* **Your task**
Leave the images out. Give every line below again, precisely.

* **Stored data**
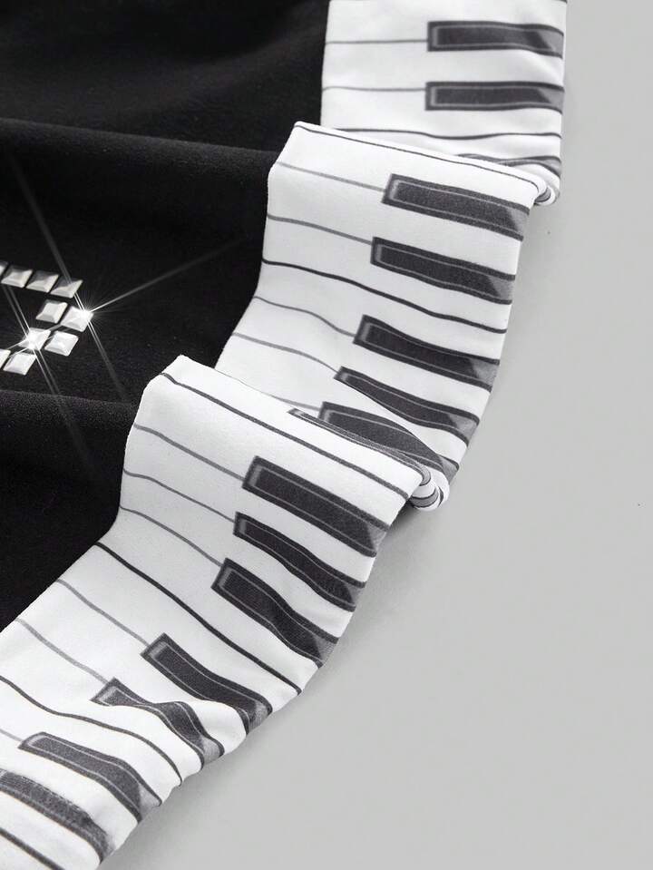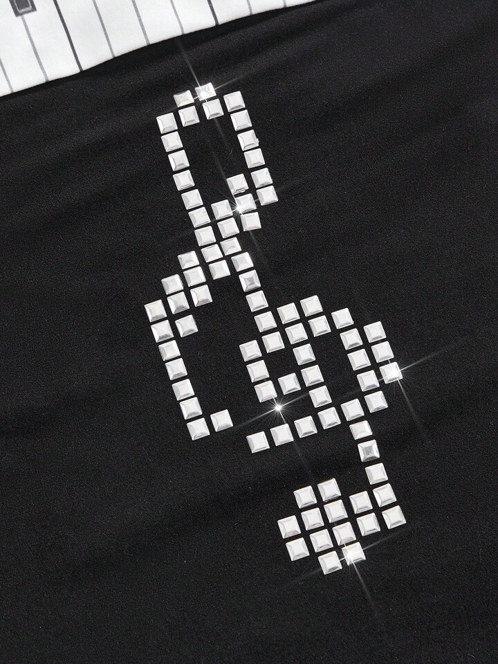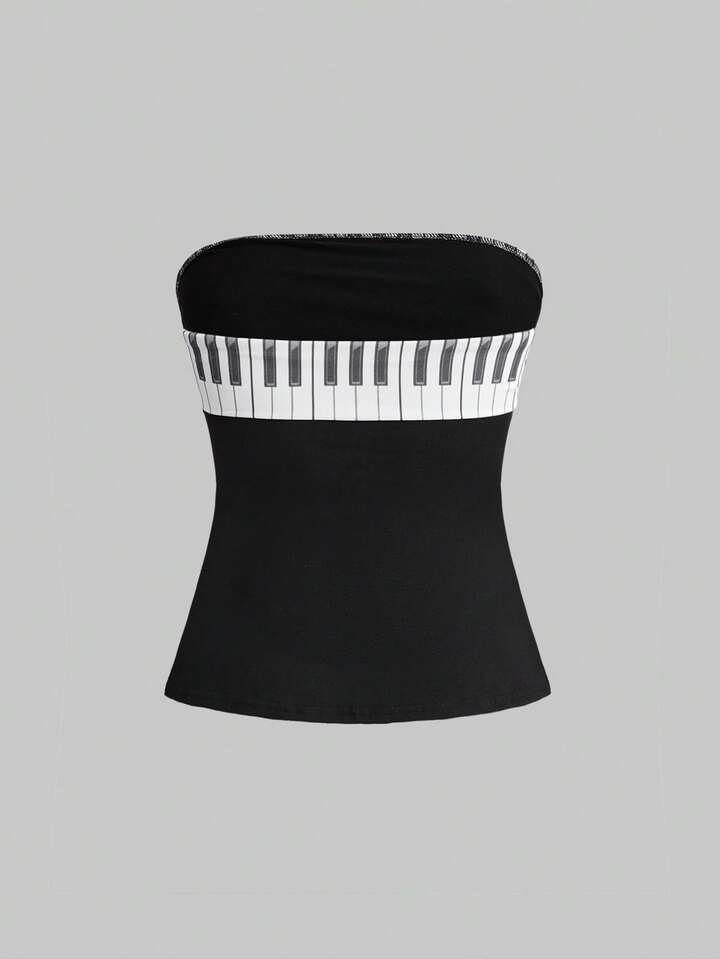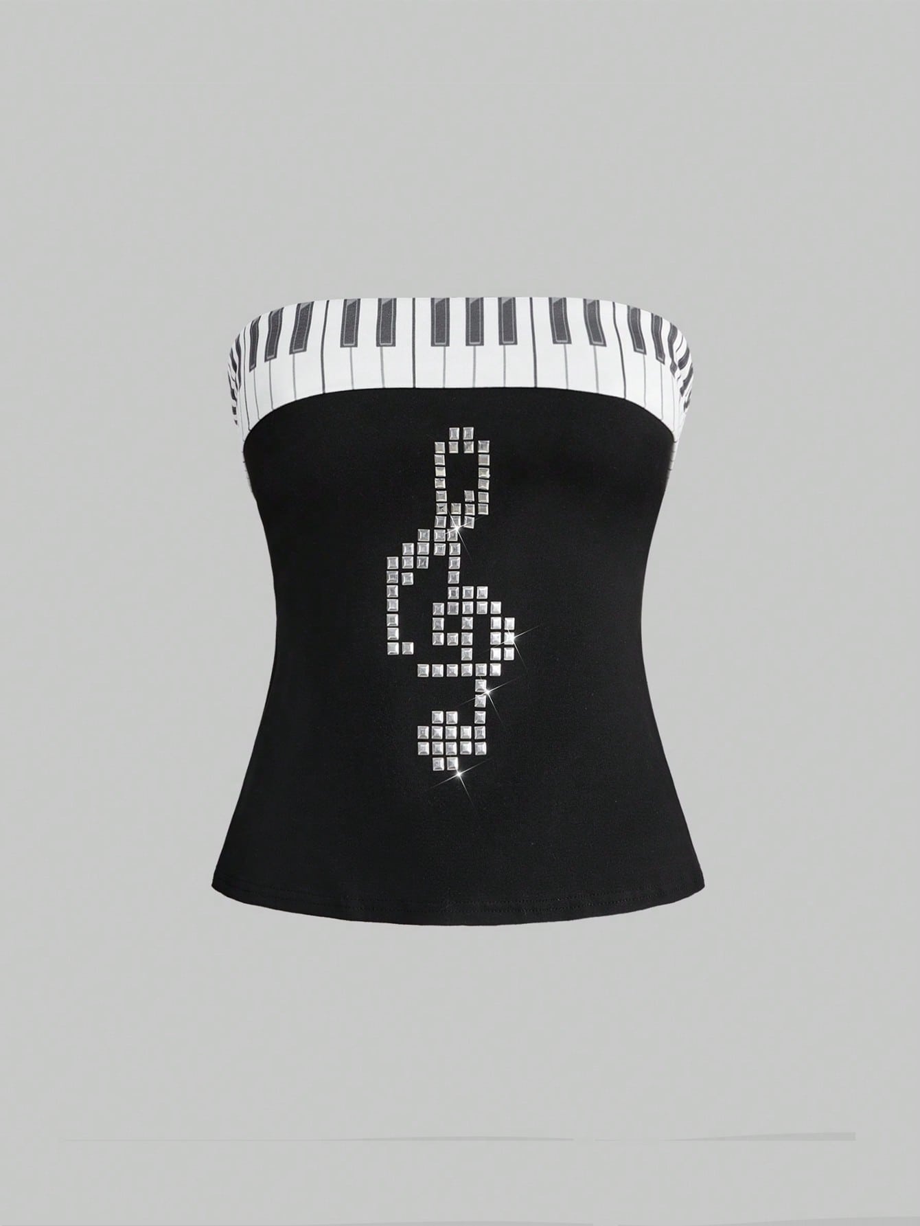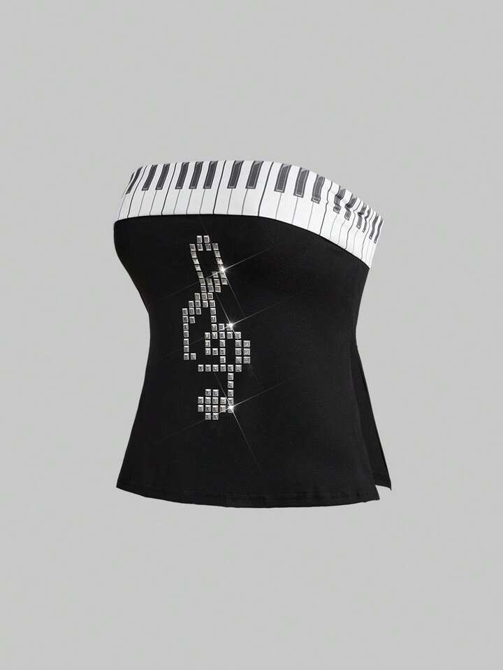 ROMWE Avant Canotta aderente da donna con motivo retrò a tastiera di pianoforte americana, strass e note musicali
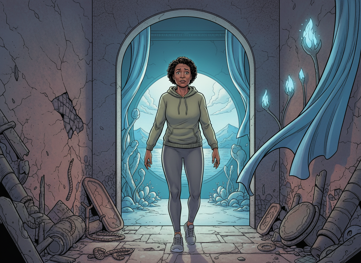A Black woman in her 50s, wearing a hoodie and comfortable leggings, moving from a smaller, dimmer space representing survival and struggle into a larger, brighter space representing thriving and ease. Her body language shows the transition—shoulders relaxing, face softening. Behind her is the struggle she's leaving. In front is ease and possibility.
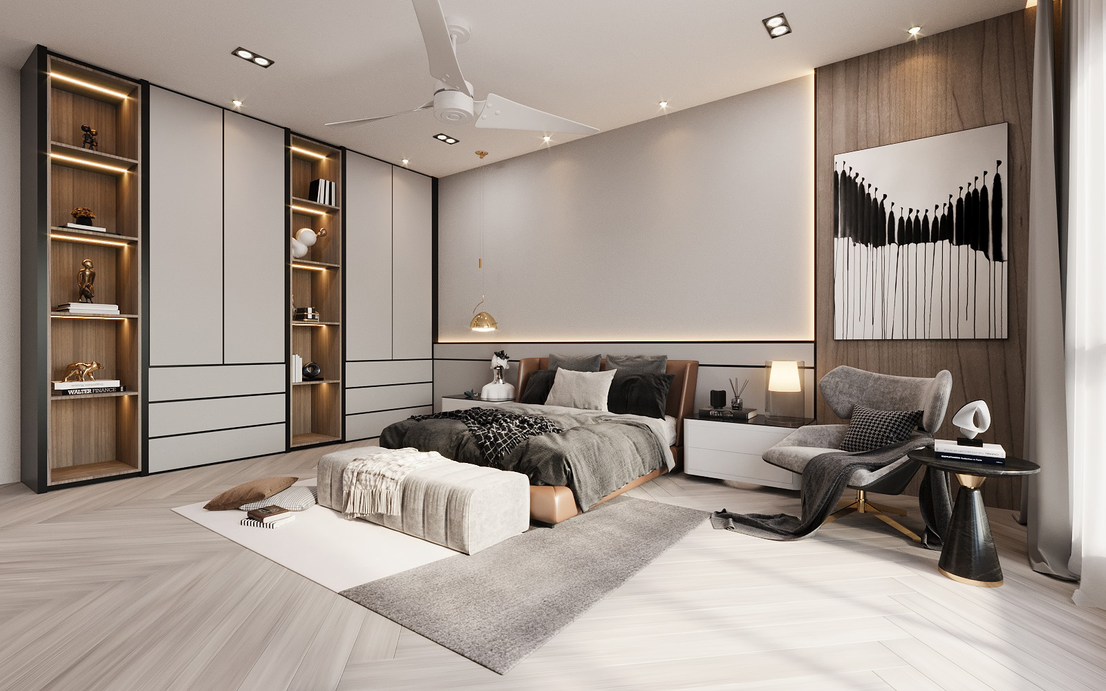 Phòng ngủ được thiết kế theo phong cách cổ điển pha chút hiện đại. Giường ngủ tông màu trắng, bàn trang điểm và tủ đựng đồ màu cafe hiện đại. Một chiếc bàn trà nhỏ xinh và đèn ngủ mang đến không gian ấm cúng và thoải mái. Sàn gỗ làm nổi bật đồ dùng nội thất bên trong, tạo sự hài hòa đến từng chi tiết.
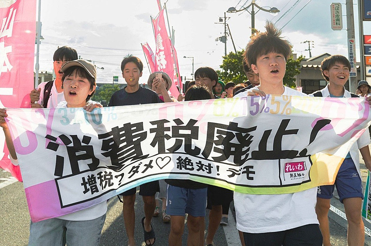 若者が多く参加した山形県東根市での増税反対デモ(7月5日)
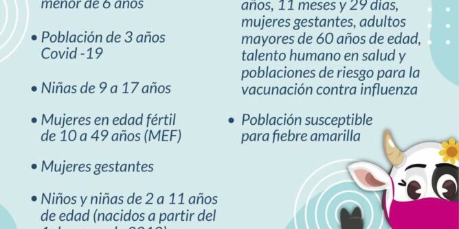 La Administración Municipal “Creo en Popayán” hará parte de la gran Jornada Nacional de Intensificación de Vacunación, que se llevará a cabo del 14 al 19 de noviembre de 2022 en 15 puntos habilitados en la ciudad. Esta jornada está dirigida a niños menores de 6 años, niñas de 9 a 17 años, mujeres gestantes y en edad fértil de 10 a 49 años, población susceptible para influenza y la vacunación Covid-19 se hará desde los 3 años.
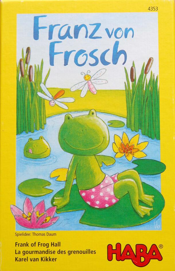 From the publisher's web site: "Frog Pond is a fun and educative memory game for the youngest ones in the family! The cute frogs have a competition on who will be the first one to reach the island in the middle of the pond. The players try to find 4 similar coloured water lilies from the table and place them on the game board, so that their frogs can leap...
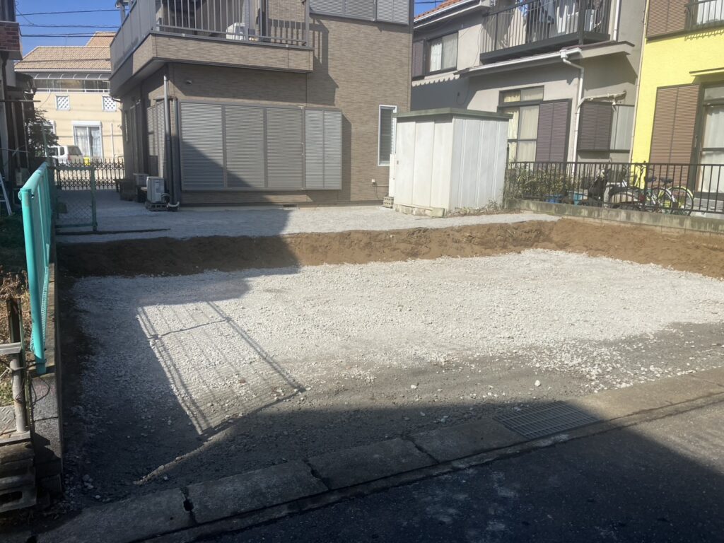 伐採まで完了し本日 土間下地と 人工芝下地 6号が完了しました。

* **Final answer**
 ROMWE Avant Canotta aderente da donna con motivo retrò a tastiera di pianoforte americana, strass e note musicali
A Black woman in her 50s, wearing a hoodie and comfortable leggings, moving from a smaller, dimmer space representing survival and struggle into a larger, brighter space representing thriving and ease. Her body language shows the transition—shoulders relaxing, face softening. Behind her is the struggle she's leaving. In front is ease and possibility.
 Phòng ngủ được thiết kế theo phong cách cổ điển pha chút hiện đại. Giường ngủ tông màu trắng, bàn trang điểm và tủ đựng đồ màu cafe hiện đại. Một chiếc bàn trà nhỏ xinh và đèn ngủ mang đến không gian ấm cúng và thoải mái. Sàn gỗ làm nổi bật đồ dùng nội thất bên trong, tạo sự hài hòa đến từng chi tiết.
 若者が多く参加した山形県東根市での増税反対デモ(7月5日)
 La Administración Municipal “Creo en Popayán” hará parte de la gran Jornada Nacional de Intensificación de Vacunación, que se llevará a cabo del 14 al 19 de noviembre de 2022 en 15 puntos habilitados en la ciudad. Esta jornada está dirigida a niños menores de 6 años, niñas de 9 a 17 años, mujeres gestantes y en edad fértil de 10 a 49 años, población susceptible para influenza y la vacunación Covid-19 se hará desde los 3 años.
 From the publisher's web site: "Frog Pond is a fun and educative memory game for the youngest ones in the family! The cute frogs have a competition on who will be the first one to reach the island in the middle of the pond. The players try to find 4 similar coloured water lilies from the table and place them on the game board, so that their frogs can leap...
 伐採まで完了し本日 土間下地と 人工芝下地 6号が完了しました。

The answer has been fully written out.